The two claims that could have been raised on direct appeal and were not raised
are the claims that trial counsel was deficient for failing to seek an expert witness and
for failing to object to Dr. Azher’s testimony. This Court determined above that neither
of these claims had merit, and even if the claims are not frivolous, Petitioner was not
entitled to compel his attorney to raise all nonfrivolous claims on appeal. Jones v.
Barnes, 463 U.S. 745, 751 (1983). Appellate counsel’s performance did not amount to
deficient performance, because the omitted claims are not clearly stronger than the
issues counsel did present to the Michigan Court of Appeals. And because Petitioner
has not shown that he would have prevailed on appeal if his attorney had raised all his
claims on appeal, he has not demonstrated that his attorney’s performance prejudiced
him. Thus, he is not entitled to relief on the basis of his claim about appellate counsel.
The state courts’ rejection of Petitioner’s claims did not result in decisions that
were contrary to, or an unreasonable application of, Supreme Court precedent.

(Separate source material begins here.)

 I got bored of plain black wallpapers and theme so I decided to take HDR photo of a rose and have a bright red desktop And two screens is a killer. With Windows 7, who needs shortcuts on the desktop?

Accordingly, the petition for writ of habeas corpus [dkt. #1] is DENIED.
A certificate of appealability may issue “only if the applicant has made a
substantial showing of the denial of a constitutional right.” 28 U.S.C. § 2253(c)(2). A
petitioner must “sho[w] that reasonable jurists could debate whether (or, for that matter,
agree that) the petition should have been resolved in a different manner or that the
issues presented were ‘adequate to deserve encouragement to proceed further.’” Slack
v. McDaniel, 529 U.S. 473, 483-84 (2000) (quoting Barefoot v. Estelle, 463 U.S. 880,
893 n.4 (1983)).
Reasonable jurists would not debate the Court’s resolution of Petitioner’s
constitutional claims. The Court therefore declines to grant a certificate of appealability.

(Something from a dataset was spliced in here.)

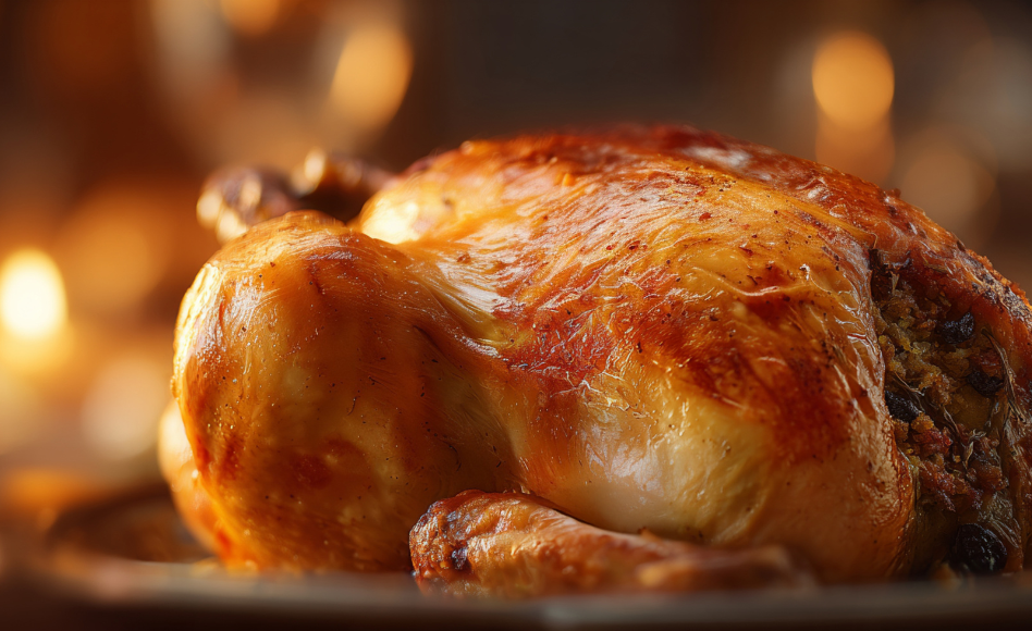 Disposer la dinde dans un plat allant au four et l’enfourner pendant 3h en l’arrosant de son jus de cuisson pendant toute cette durée et en la retournant à mi-cuisson.

Petitioner nevertheless may proceed in forma pauperis in the Court of Appeals because
an appeal could be taken in good faith. 28 U.S.C. § 1915(a)(3).
s/Gerald E. Rosen
Chief Judge, United States District Court
Dated: August 31, 2011
I hereby certify that a copy of the foregoing document was served upon counsel of
record on September 1, 2011, by electronic mail and upon Tyrese Buggs, #419876,
Saginaw Correctional Facility, 9625 Pierce Road, Freeland, MI 48623 by ordinary mail.